Open Education Movement: Putting the FREE(dom) Into Education

Textbooks, classroom materials, course readers, and research papers are not available in digital formats and are not accessible online—but they should be… for free. The fight to demand these conditions has begun, but the struggle for Access to Knowledge (a2k) in the U.S. and around the world is far from over. Students must continue to take up the flag in the movement for Open Education.

With the advent of digital technology, some notions of scarcity have been blown to smithereens. Before the personal computer, to reproduce a resource such as a book, one required physical materials and labor for each book—including paper, printing, and binding. Today, a digital work is infinitely and perfectly reproducible at zero marginal cost (due to the low cost of computer storage space, processing power, memory, and electricity).

If I publish a paper textbook, it is not easy for me to hand it out for free. It is a physical commodity that has unavoidable publishing costs I need to recoup. However, if I publish an electronic textbook on a computer, anyone can copy that textbook perfectly, essentially for free, with no value lost from my original copy. With digital works, you can actually get something out of nothing! Once the first copy is produced, you might as well have produced as many as you will ever need.

Education and research are among the most clear fields that should substantially benefit from this shift in reproduction costs. Digital technology has afforded an opportunity to students, educators, researchers, administrators, policy makers, publishers and many others to rethink and redesign processes of creating and disseminating educational and research materials. We have the opportunity to ensure people are not cut out of education and knowledge production merely because they do not have access to the requisite resources.

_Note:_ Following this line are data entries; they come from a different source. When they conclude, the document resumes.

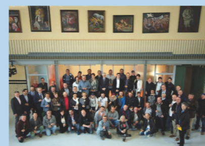
Umbau altes Elektrizitätswerk in Naumburg (Saale) zu >Kunstwerk im Turbinenhaus< feierliche Eröffnung im April 2017 Gebäude und Freianlage, barrierefreie Einrichtung, Erhalt histor. Einbauten, Turbinenfundament, Lastenaufzug, Laufkatze, Verschattung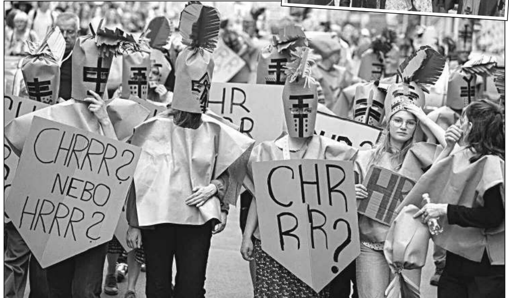
SMĚR ROZHLAS. (Nejen) řevničtí Blaničtí rytíři v průvodu z pražského Staroměstského náměstí k budově Českého rozhlasu, který se konal na protest proti snahám vlády zestátnit veřejnoprávní média.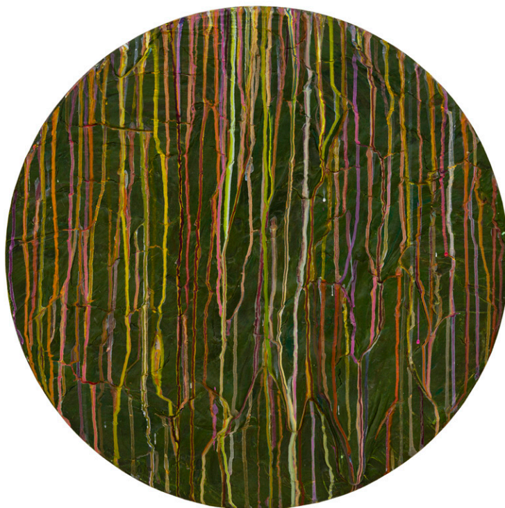
Dreamcatcher Series #4 2024 Tondo 24 in.

El impresionante gran tondo titulado "Efímera Flor: Una Sonata Matutina de Flora Salvaje", "El Jardín de Villa d'Este, Italia" y "Los Jardines de la Alhambra" surgieron de esta evolución; los agarré al instante. Paralelamente a esta nueva exploración pictórica, el artista también redujo sus gestos en lienzos concurrentes que presentaban goteos minimalistas puros sobre el telón de fondo de estructuras elegantes.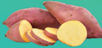
Batata Doce kg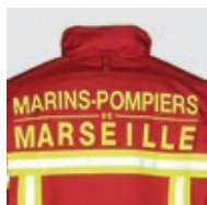
Ajout identification dos de la veste (minimum de 20 vestes)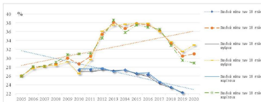
Διάγραμμα 2: Ποσοστό παιδιών που διατρέχουν κίνδυνο φτώχειας ή κοινωνικού αποκλεισμού, κάτω των 18 ετών, ανά φύλο, Ελλάδα και ΕΕ - 2027, 2005 - 2019 / 20203

Πηγή: Eurostat. Ανάπτυξη Συντακτών από EU-SILC, (ILC_PEPS01)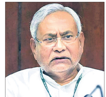
'ହାତ ଯୋଡ଼ି କହୁଛି, ମୋର ପ୍ରଧାନମନ୍ତ୍ରୀ ହେବା ମହତ୍ୱାକାଂକ୍ଷୀ ନାହିଁ। ମୁଁ ସମଗ୍ରଙ୍କ ପାଇଁ କାମ କରିବି। ସବୁ ବିରୋଧୀ ଦଳକୁ ଏକାଠି କରିବା ଲାଗି ଉଦ୍ୟମ କରି ରଖିବି। -ନୀତୀଶ କୁମାର, ବିହାର ମୁଖ୍ୟମନ୍ତ୍ରୀ

ନୂଆଦିଲ୍ଲୀ, ୧୨।୮ ଏନଡିଏରୁ ଗୋଟିଏ ପରେ ଗୋଟିଏ ସହଯୋଗୀ ଦଳ ଉଦ୍ଧରିବାରେ ଲାଗିଛନ୍ତି। ଏହିକ୍ରମରେ ନିକଟରେ ଭାଜପା ସହ ସମ୍ପର୍କ ଛିନ୍ନ କରି ସଂଯୁକ୍ତ ଜନତା ଦଳ ବିହାର ମୁଖ୍ୟମନ୍ତ୍ରୀ ନୀତୀଶ କୁମାର ରାଷ୍ଟ୍ରୀୟ ଜନତା ଦଳ (ଆରଜେଡି) ନେତୃତ୍ୱାଧୀନ ମହାମେଣ୍ଟ ସମର୍ଥନରେ ସରକାର ବଦଳାଇଛନ୍ତି। ନୀତୀଶ ଅଗଷ୍ଟ ୧୦ରେ ଅଷ୍ଟମ ଥର ପାଇଁ ମୁଖ୍ୟମନ୍ତ୍ରୀ ରୂପେ ଶପଥ ନେଇଛନ୍ତି। ନୀତୀଶ ୮-୧୦ ମାସ ପରେ ବର୍ତ୍ତମାନ ଉପମୁଖ୍ୟମନ୍ତ୍ରୀ ତେଜସ୍ୱୀ ଯାଦବଙ୍କୁ ମୁଖ୍ୟମନ୍ତ୍ରୀ ଚୈକିତରେ

So what’s the hold up? Why do students break the bank on textbooks and course materials?!

The short answer is: the structural changes to educational institutions, the publishing industry, regulating bodies, and consumer practices have yet to take full form. This is why it is essential for students to take up the fight, raise awareness about these issues, challenge educators and administrators to take measurable steps toward goals of openness, and to start programs and initiatives of their own. If students remain silent, they will not be included in processes of educational material creation—and thus the needs and goals of students will go unrecognized, or at best, poorly translated. The following are some ways you can get involved:

Open Educational Resources (OER)
OER are legal, digital, accessible educational materials available to students, educators, schools, and the general public. OER are “open” in that they use copyright in conjunction with a license to allow users more freedom to reproduce and potentially remix the OER. There are many licenses available, the most popular of which are Creative Commons licenses that help you easily decide under what terms your resources may be used. A popular Creative Commons License is known as “CC-by” or “Attribution Only,” which allows anyone to copy or remix and distribute your work so long as they site their source, giving credit to the original creator(s).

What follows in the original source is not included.